Rams Design Score

How the score works

The Rams Design Score is a single number from 0–100 that summarizes the design quality of a codebase's UI layer. It's applied the same way every time, against the same ruleset, by the same reviewer.

What it measures

Rams reviews the UI code itself — the .tsx, .jsx, .vue, .svelte, and styling files that produce the rendered interface. Issues are evaluated against 109 rules across 8 design categories, each catching a specific failure mode.

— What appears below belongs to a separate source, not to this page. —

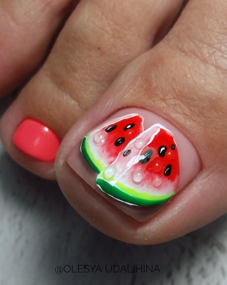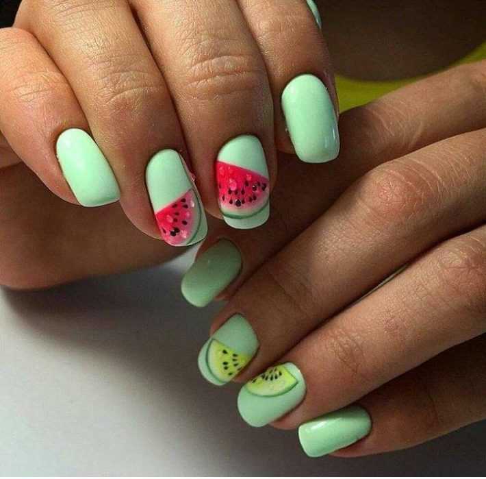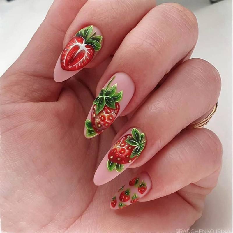 Хитом летнего нейл-арта 2024 остаются рисунки фруктов, ягод и других вкусняшек, как например мороженое и напитки. Наиболее красочно в маникюре и педикюре на лето будут смотреться сочные и аппетитные плоды. Особенно трендовыми будут клубника, арбуз, ананасы и цитрусы, рисунки которых больше популярны в разрезе и мультяшном стиле.

It does not run the app, take screenshots, or evaluate visual aesthetics. It reads code the way a senior designer reviewing a pull request would.

The 8 categories

Accessibility a11y

Semantic HTML, keyboard navigation, screen-reader compatibility, focus management, ARIA correctness, color contrast on text. Things WCAG 2.2 AA cares about and that real users with disabilities run into.

Color color

Hardcoded hex values that bypass design tokens, contrast ratios, semantic color usage, hover and focus states.

Typography type

Heading hierarchy correctness, font scale adherence, line height, font weight, text truncation patterns.

Spacing space

Whether layout values come from a scale (4/8/16) or are arbitrary one-offs. Padding and margin consistency. Gap usage.

Components comp

Component composition, prop API design, primitive reuse, design-system token leaks, in-line style overrides.

UX ux

Loading states, empty states, error handling, destructive action confirmations, form patterns, scroll behavior.

Motion motion

Animation duration and easing, prefers-reduced-motion support, infinite loops, layout shifts caused by animations.

Anti-slop slop

Patterns specific to AI-generated UI code: arbitrary radius values, magic numbers, overly defensive null checks, unused props, copy-paste duplication.

How issues are weighted

Each issue carries a severity. The score deducts points based on severity:

  • Critical — breaks core functionality, blocks accessibility, ships visible bugs. Heaviest deduction.
  • Serious — degrades quality, leaks design-system intent, will cause user-facing regressions. Moderate deduction.
  • Moderate — minor polish or convention issue. Light deduction. (Excluded from the public score view to focus attention.)

Score bands

90+

Low risk

75–89

Moderate

55–74

Elevated

<55

High

What the score doesn't measure

  • ·Visual aesthetics, brand fit, or taste
  • ·Performance (Lighthouse covers that)
  • ·Bundle size or build output
  • ·Backend, business logic, or data layer
  • ·Code that doesn't render UI

How public scoring samples a repo

When you score a public repo via the homepage widget, Rams pulls up to 30 UI files prioritized by location (app/, pages/, components/) and reviews them as a representative sample. For continuous review on every pull request, install the GitHub App — it reviews exactly the files that changed.

Methodology stability

The rubric is intentionally stable. We do not loosen rules to make scores look better, and we do not retroactively rescore repos when the rubric is updated. When new rules are added or weights are revised, we publish the change here so you can read the diff.